Regional park in New Zealand

Battle Hill Farm Forest Park is a regional park near Paekākāriki, in the Kāpiti Coast District and Wellington Region of New Zealand's lower North Island.

The park is a dedicated farm park, administered by Wellington Regional Council. Transmission Gully runs through the park.

==Geography==

The reserve covers a stream valley, between Paekākāriki Hill and Horokiri stream to the west, and hills to the east. It includes steep hill slopes of greywacke with limited vegetation.

The vegetation in the valley includes pukatea (Laurelia novaezelandiae), along with some rewarewa (Knightia excelsa), tawa (Beilschmeidia tawa), and kahikatea (Dacrycarpus dacrydioides).

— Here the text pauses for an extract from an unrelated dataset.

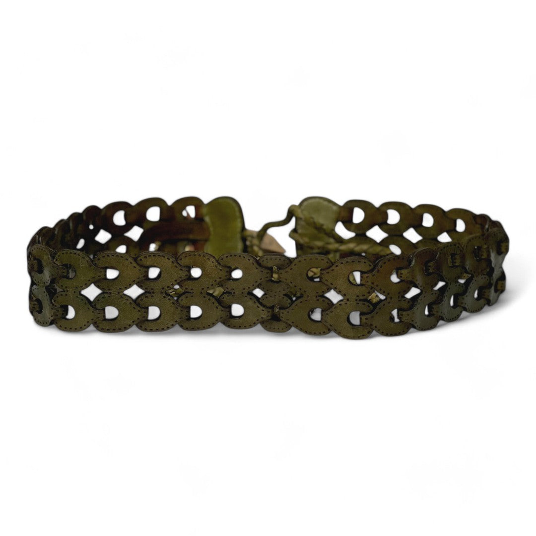 Made in white raw leather, dip dyed and tumbled to achieve a weathered effect – this leather will soften with wear. All marks are natural markings on the leather which is picked up by the dye.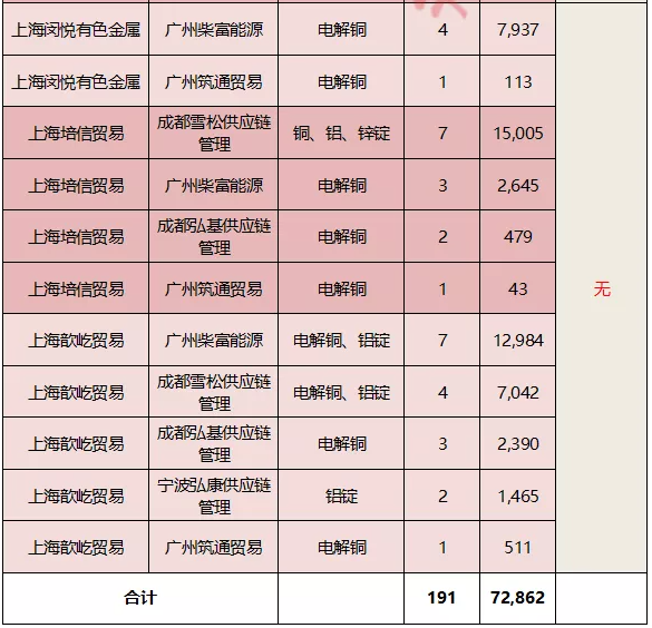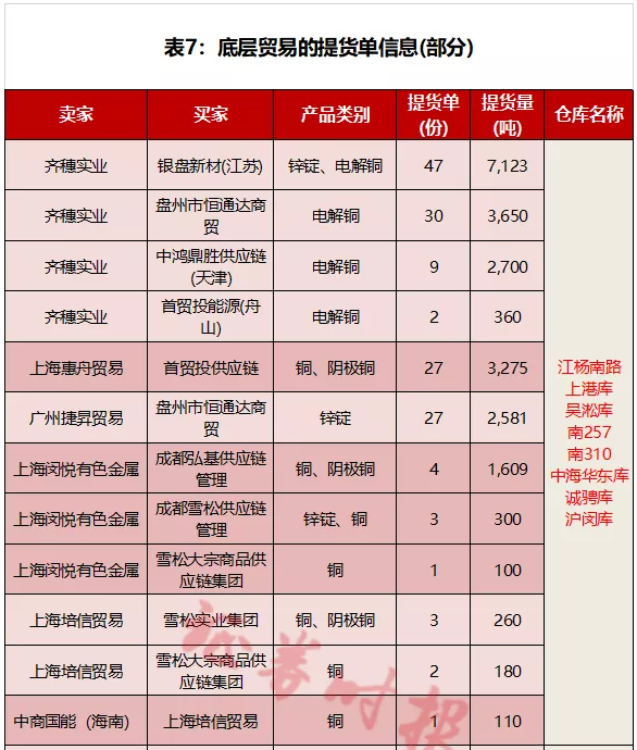 记者对底层贸易资料中的提货单信息进行了统计,提货单数量共计191份,涉及上游卖家7家、下游买家11家,所交易的铜、铝、锌等大宗商品共计7.29万吨(表7)。

The understory includes māhoe (Melicytus ramiflorus), kaikomako (Pennantia corymbosa), nīkau (Rhopalostylis sapida), coprosma, and other small trees and shrubs.

==History==

Battle Hill Farm Forest Park was the site of Battle of Battle Hill in 1846. Relations between the Government and local Māori had been souring for many years, due to the New Zealand Company trying to buy large tracts of land for Pākehā settlers. It culminated with a clash between about 300 Ngāti Toa, under the leadership of Te Rangihaeata, and British troops.

Te Rangihaeata was captured and relinquished the land in return for his release. He spent the rest of his life in exile at Poroutawhao, north of Levin.

In 1860 the bush was covered to the Abbott family, who cleared it and farmed it until 1975. Members of the family, and two of the three militiamen killed in the battle of 1846, are buried in a graveyard on the site.

Wellington Regional Council purchased the land for a park in 1987.

Access routes into the park were changed, during construction of Transmission Gully between 2016 and 2021.

The council consulted on the future of the park in 2020.

Later that year, the council announced plans to reduce stock grazing and increase native bush and wetlands in its regional parks. However, it excluded Battle Hill Farm Forest Park from the plan, opting to keep it as a dedicated farm park.

==Recreation==

The park contains a working farm near the entrance at Paekākāriki Hill Road and extends over the surrounding hills and into a plantation forest that merges with the Akatarawa Forest. It contains several loop walkways, some suitable for mountain biking and horse riding.

Parts of the park are closed during August for lambing season.

The park is open to camping and campervans. However, there is no powered camping sites or dump stations.

Wellington Riding for the Disabled, a community group providing horse therapy for people with disabilities, has been operating in the park since 2016.

The park is a ten minute drive from parts of Porirua.